The Wire: By Not Recognising Hindutva Majoritarianism as a Security Threat, What Are We Protecting?

The silence of security experts implies that extremist Hindu organisations are not considered as legitimate threats either to the nation or the state. Thus, we are implicated in furthering the majoritarian narrative.

On August 8, a mob gathered right in the middle of the nation’s capital, shouting the slogan ‘when Muslims will be chopped, they will shout the name of Lord Ram’. The slogan and the act would have been shocking, but for the fact that their desired outcome had already been orchestrated on the streets of Delhi in February 2020.

One would imagine that such a threat to the lives of Indian citizens, and that too in the capital, would attract the attention of India’s security community and strategic experts. However, there was barely a whimper.

A common sense definition of a security threat would be something or someone that has the potential to cause physical harm or produce a sense of insecurity. Going solely by this definition, one can potentially imagine a plethora of security threats – global warming, rapacious corporations, natural disasters, repressive governments, enemy states, and lastly, extremist organisations, both international and domestic.

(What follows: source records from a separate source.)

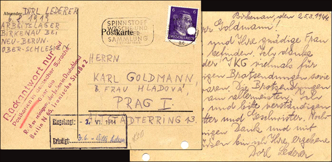 ![]() Prisoners of the camps were occassionally well fed and clothed for days at a time so that promotional photos could be taken of them enjoying the cinema, playing ball, listening to opera and watching plays. These would be published in newspapers, showing that relocating to the camp was both temporary and pleasant... no need to be afraid when the SA come for you... just cooperate... Another marketing scheme was named Arbeitslager Briefaktion (Operation Mail). Upon arriving in Auschwitz, the victims were required to write postcards or letters to home indicating that their resettlement was fine and they were in good health. [below] All these cards had the same return address: Arbeitslager Birkenau, bei Neu-Berun, Oberschlesien.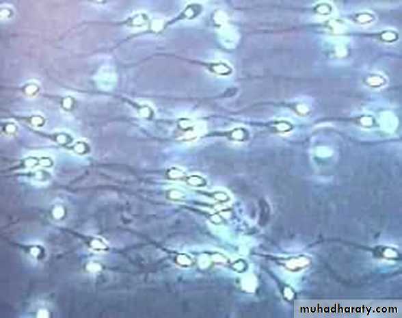 • Agglutination of spermatozoa means that motile spermatozoa stick to each other, head to head, midpiece to midpiece, tail to tail, or mixed, e.g. midpiece to tail.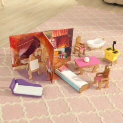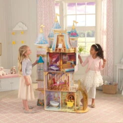 The Disney Princess Royal Celebration Dollhouse by KidKraft is a four-level magical castle inspired by your favorite Disney Princess stories. It stands over five feet tall, features a 9-piece furniture set and a bonus expansion accessory storybook that provides even more play rooms when opened. The graphics are delightful nods to well-known Disney Princess tales. See how many characters you can find throughout the fanciful dollhouse. With a working turret elevator, grand winding staircase and elegant rooftop balcony, the play flows easily from room to room for fun re-enactment of favorite Disney Princess tales. An accessory pack includes 9 pieces of royal furniture including an innovative sticky-pad easel for impromptu art paintings. This wooden dollhouse with golden touches throughout is an enchanting addition to any little playroom or bedroom and will be a treasured item for years to come!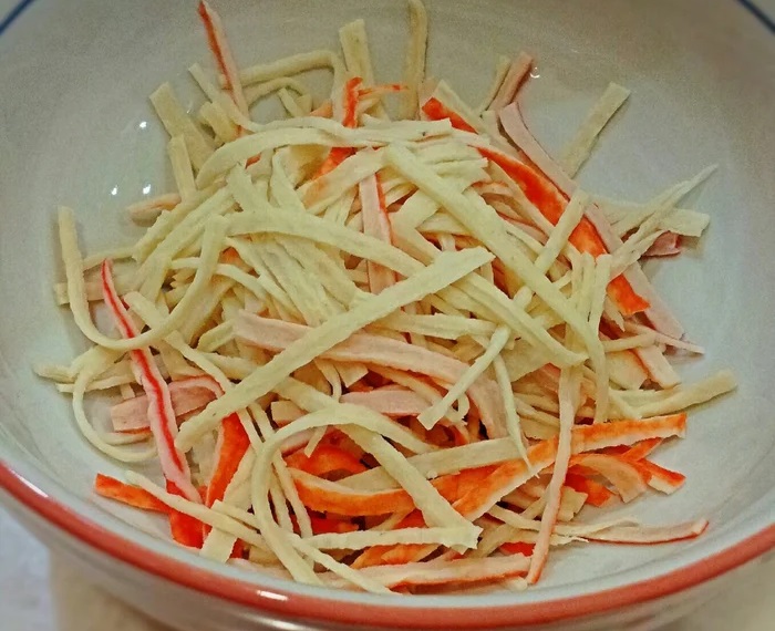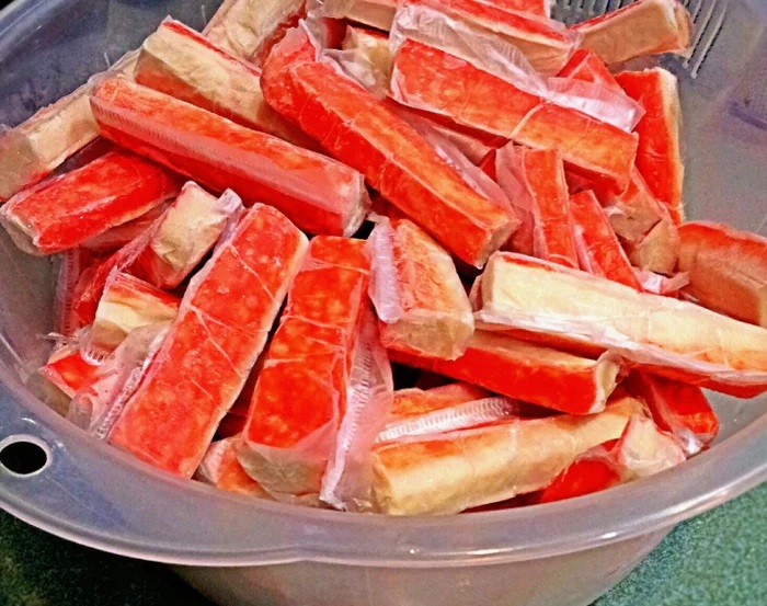 Крабовые палочки вытащите из упаковки.
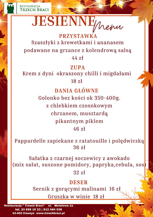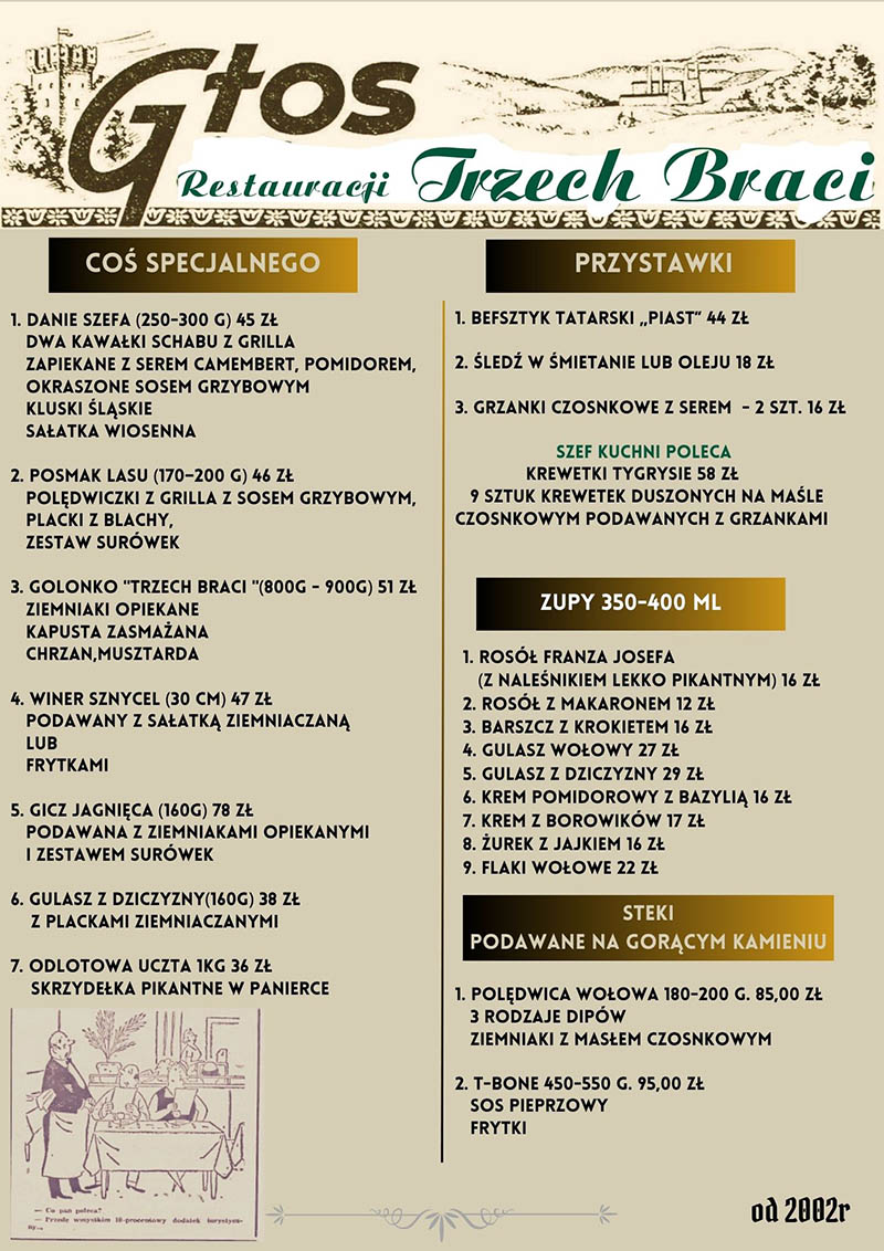 Restauracja "Trzech Braci" powstała w 2002 r. Usytuowana jest niedaleko polsko–czeskiego przejścia granicznego. Początkowo posiadała 2 sale na łączną ilość 90 osób. Wychodząc na przeciw oczekiwaniom naszych gości, w 2015 roku dokonaliśmy rozbudowy, zmieniając wystrój i wielkość sal restauracyjnych, które obecnie mogą pomieścić 130 osób.

However, for most within the security community, it is only the last two that are taken seriously as security threats. Moreover, in terms of domestic extremism, there is a tendency to focus on particular groups – Islamists, Maoists, and ethno-nationalist separatist groups. The thread that runs common across these groups is that they represent cultural minorities and/or peripheral ideologies.

In contrast, the threat from majoritarian extremism, namely Hindutva, is rarely acknowledged. This silence is a result of many things – implicit beliefs, denial, disciplinary socialisation, and fear.

In the context of this silence there are certain key questions that emerge – what does the phrase ‘potential to cause harm or produce a sense of insecurity’ leave out? Who is being framed as a threat? Who is being framed as the vulnerable target of the threat? In other words, it is worth considering who or what is the object of securitisation? If it’s the nation, then it logically follows that an extremist group or ideology that targets particular minorities would be classified as a threat. If it’s the state, then any group that does not believe in its constitutional principles and has a history of undertaking violent action to achieve its aims would make the cut.

On both counts, many majoritarian outfits would prove to be relevant objects of study as security threats. The silence of security experts therefore implies that extremist Hindu organisations are considered as legitimate threats to neither the nation nor the state.